JB: Oh that is a very tough question! I love all of them – and I love having such a variety of things to do. I record voiceovers a lot, which is fun because I don’t have to worry about brushing my hair. I love acting because I like being told what to do. I love writing because it’s a way of having a voice and reaching people on a personal level. Presenting is something that feels very natural to me – TV presenting is something that combines all aspects of my career: journalism, writing, performing and most of all talking to people.
CM: You used to live in Scotland, didn’t you? Do you miss it?
JB: I did. And I do. I miss it very much. I had to move because work called me down south. I’d love to return; I joke that if I make my millions I’d happily live here! I used to live in Edinburgh itself so returning every year for the Fringe is wonderful if a little heart wrenching when it’s time to leave. But it will always be here; Edinburgh and my love for it has remained constant now for over a decade. It’s a lifelong love affair for me.
CM: Where do you see yourself in ten years time?
JB: Oh lord! That question always makes me think of job interviews! Or those really awful dates! I tend to live one day at a time, sometimes I need to break it down to just getting to the next hour. Thinking ten years in advance feels like I might be wishing my life away.

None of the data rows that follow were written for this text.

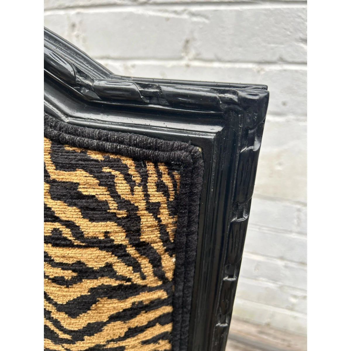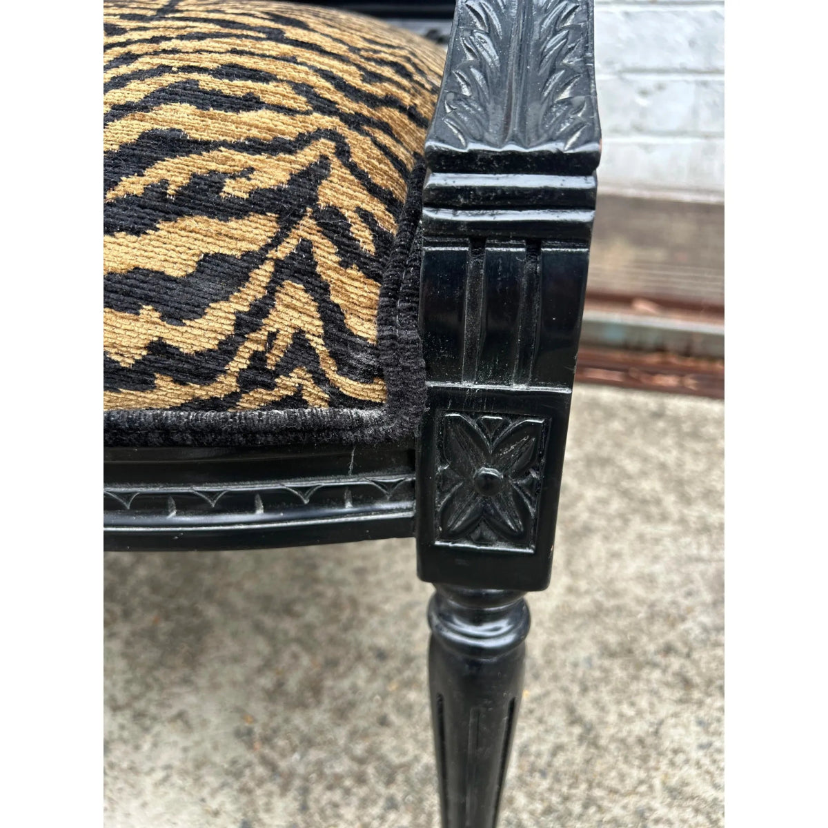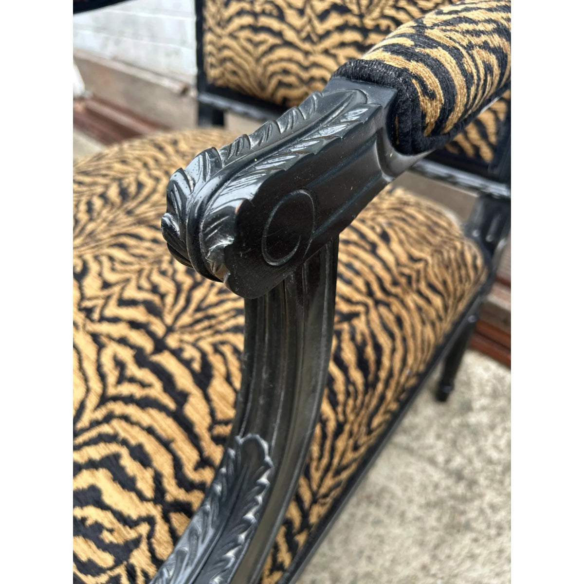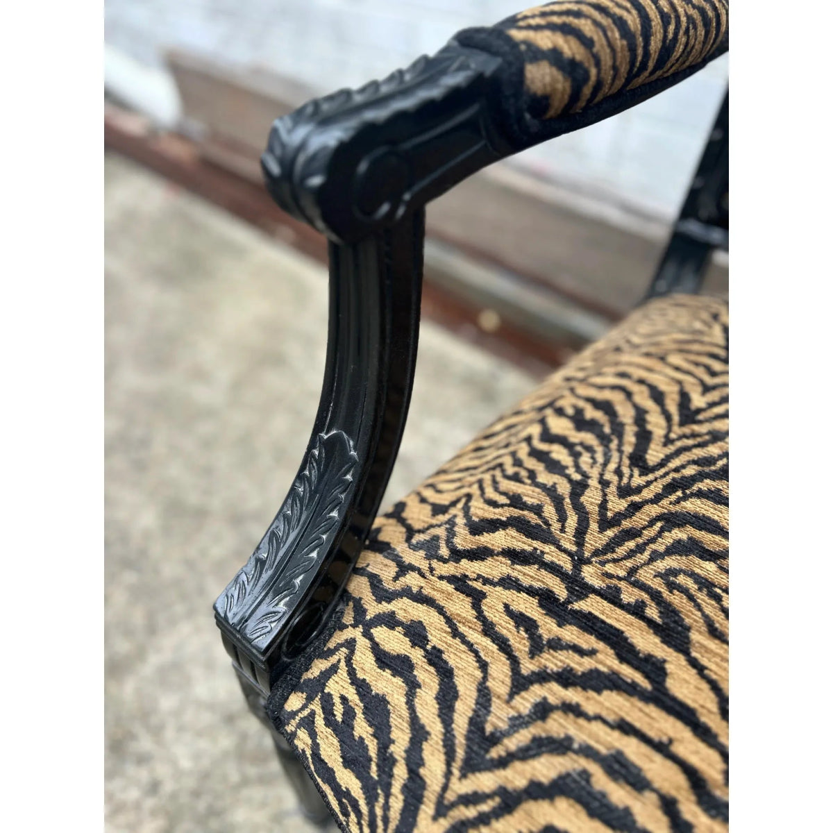 A timeless classic with a bold twist. This LXVI-style armchair features a beautifully carved timber frame in a deep black finish, paired with a striking tiger-patterned upholstery that brings personality and drama to its traditional silhouette. The combination of elegant lines, fluted legs, and intricate detailing makes it a standout accent piece for any interior.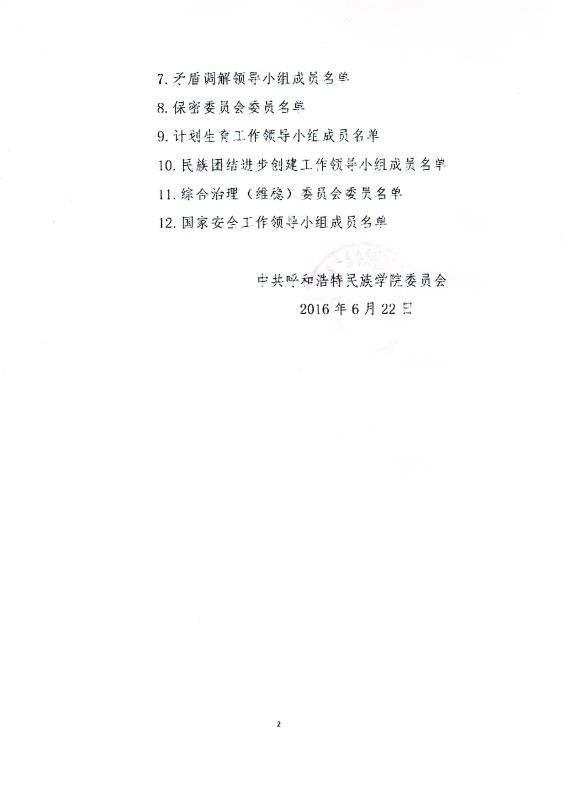 呼和浩特民族学院国家安全工作领导小组成员名单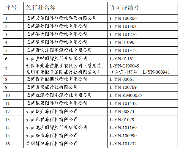 云南云乐国际旅行社集团有限公司等16家旅行社(名单附后):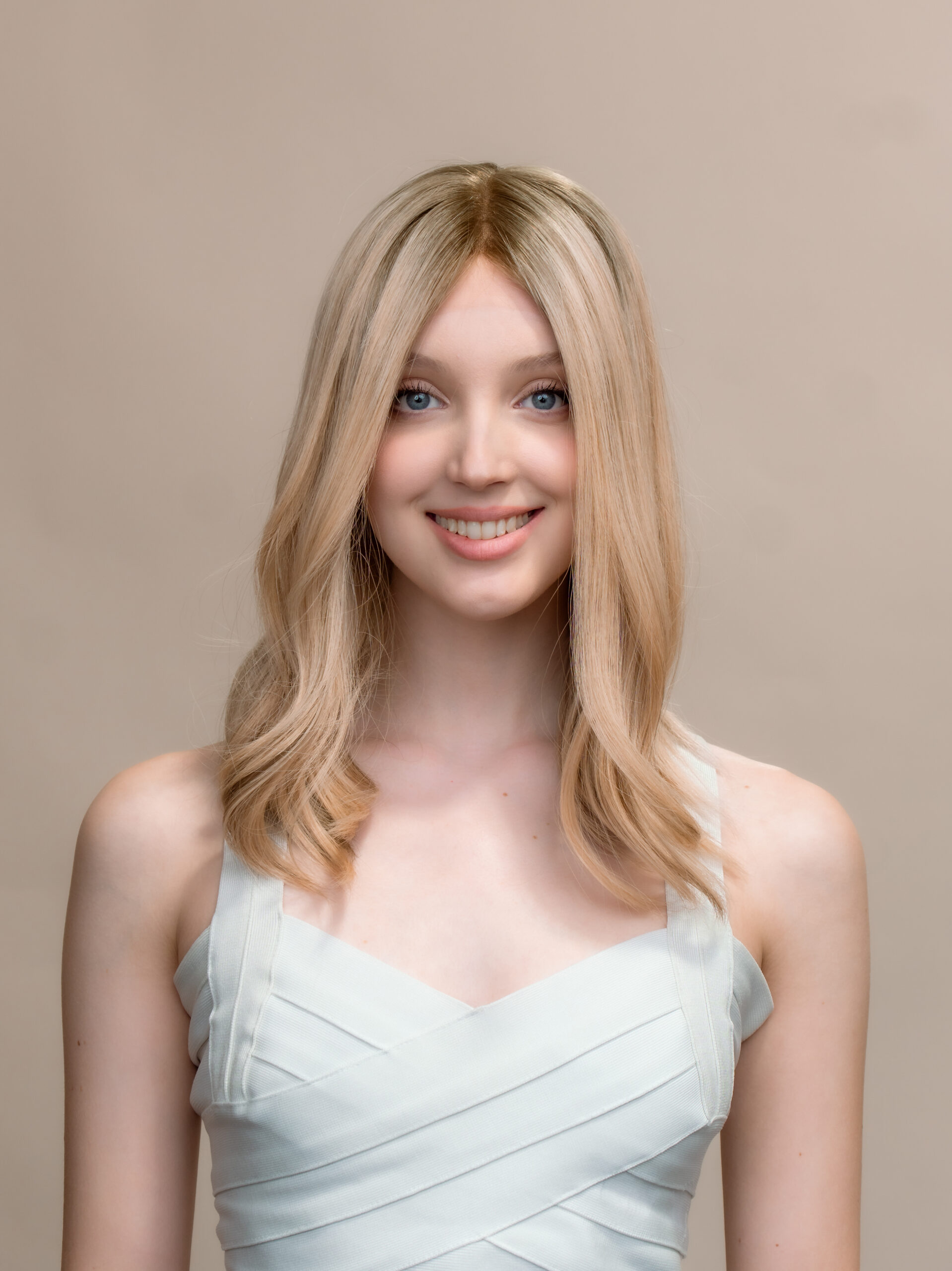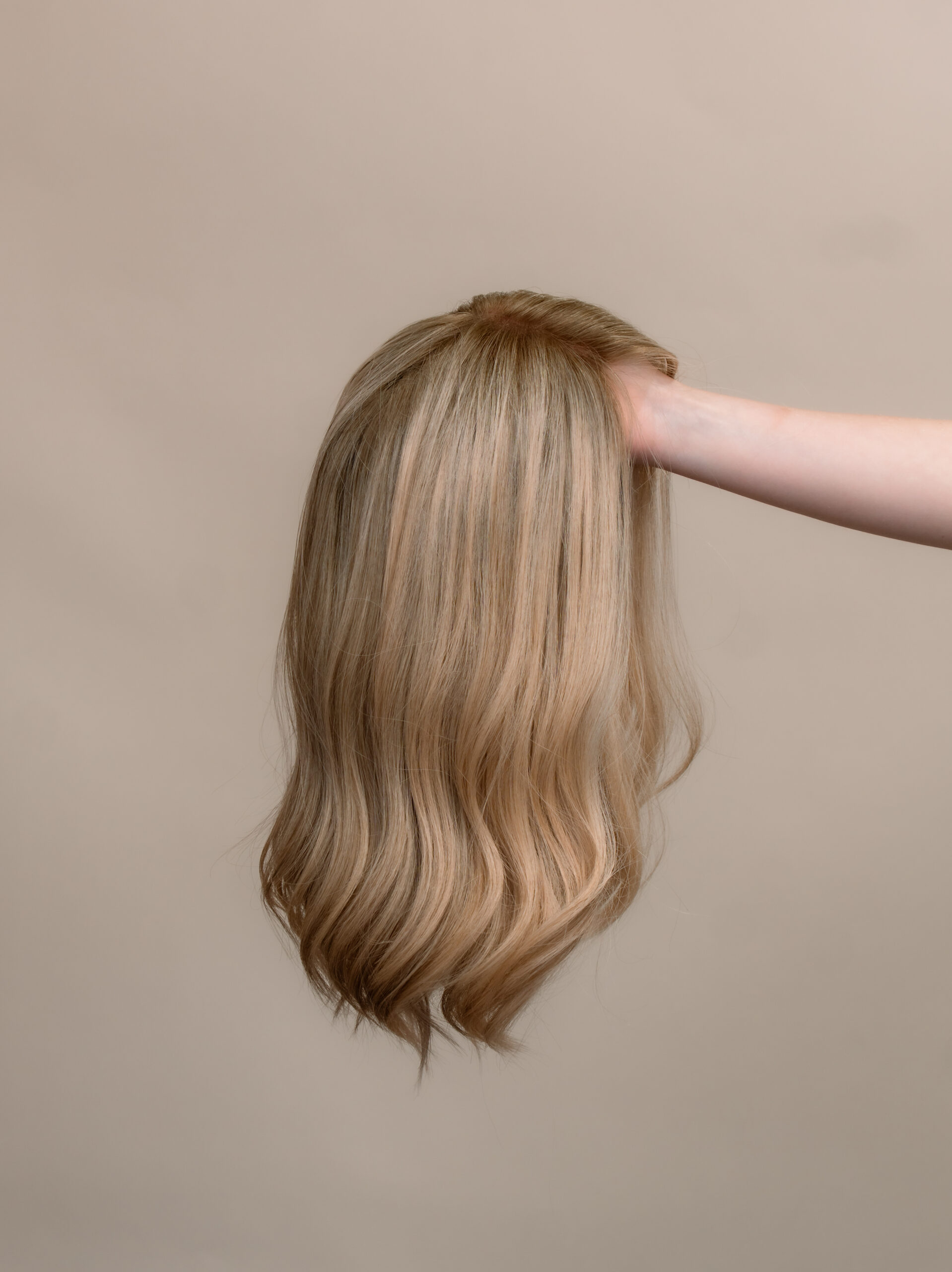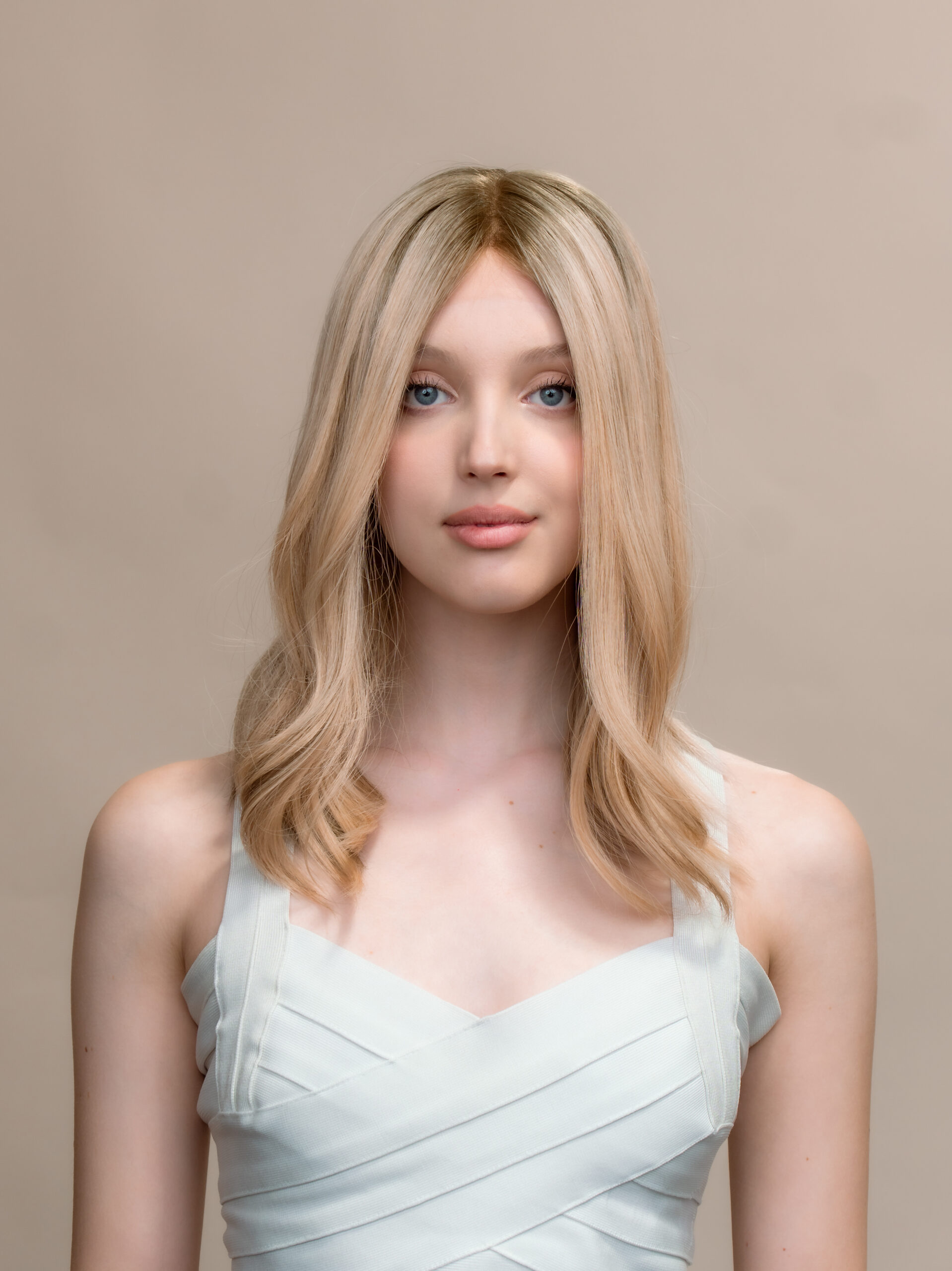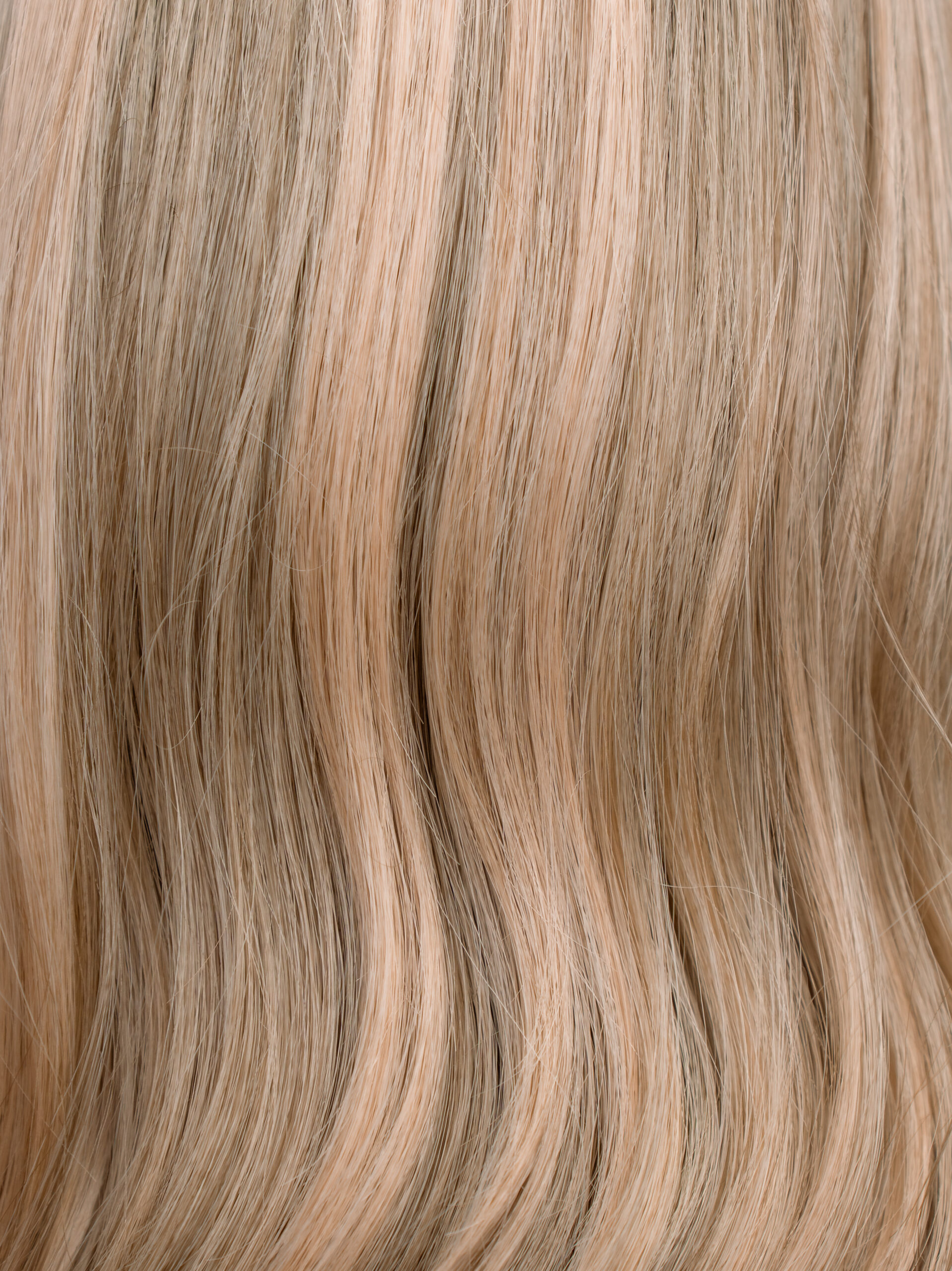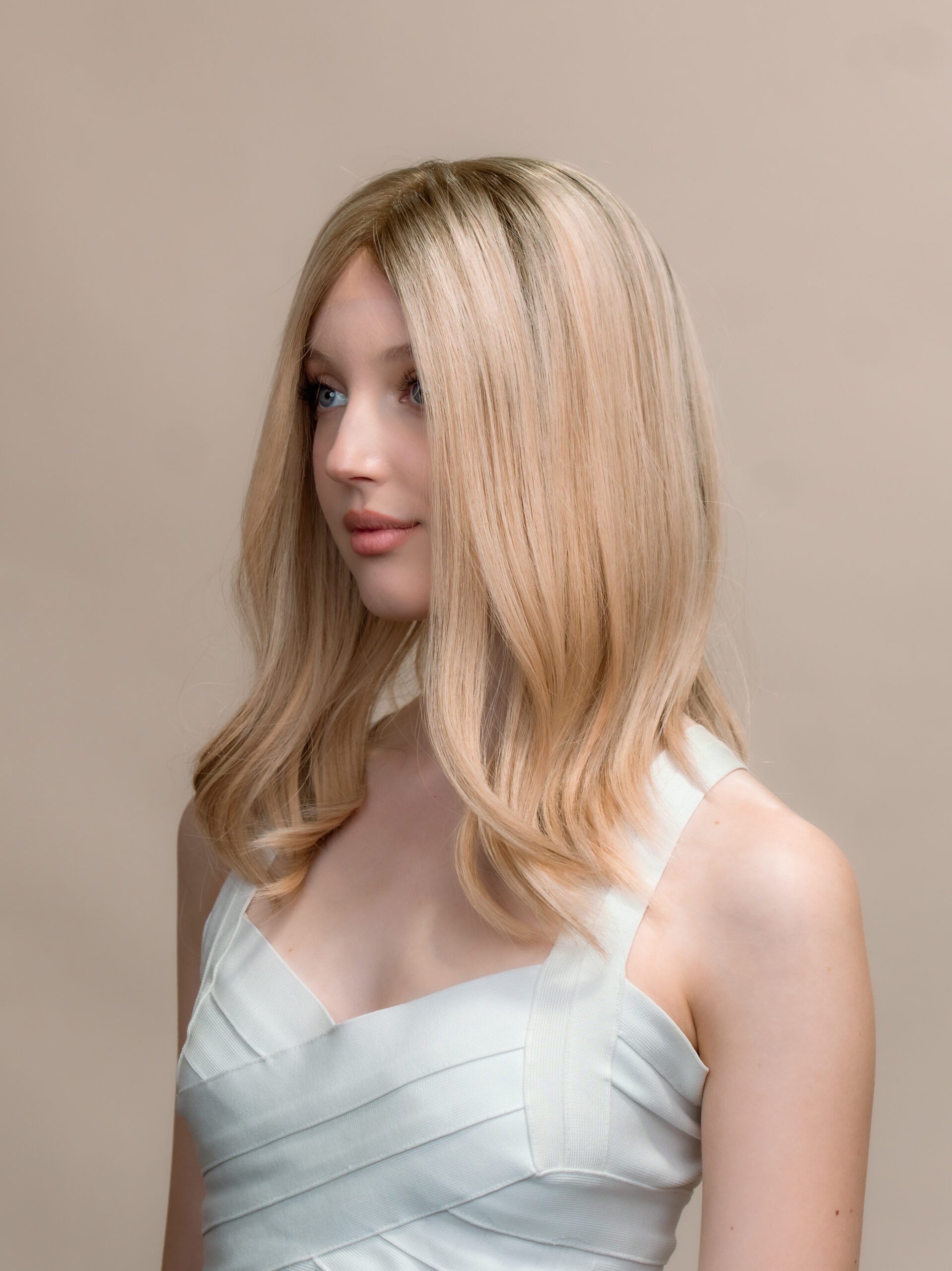 A soft, neutral beige blonde with delicate dimension and a gentle root smudge for a natural, sun-kissed blend. The lace top wig design offers a realistic hairline, breathable comfort, and styling versatility. Made from premium remy human hair, it can be worn straight or styled with hot tools — lightweight, natural, and ready to wear.

I definitely see myself still returning to perform at the Edinburgh Fringe though.
CM: OK, something simpler! Where do you see yourself after the Fringe?
JB: Some days that feels like ten years away! I can’t believe we’re still only half way! I’d love to see myself lying down somewhere quiet with an eye mask on, soothing music and no flyering!
Juliette performed ‘Decision Time’ at Gilded Balloon at Edinburgh Festival 2016.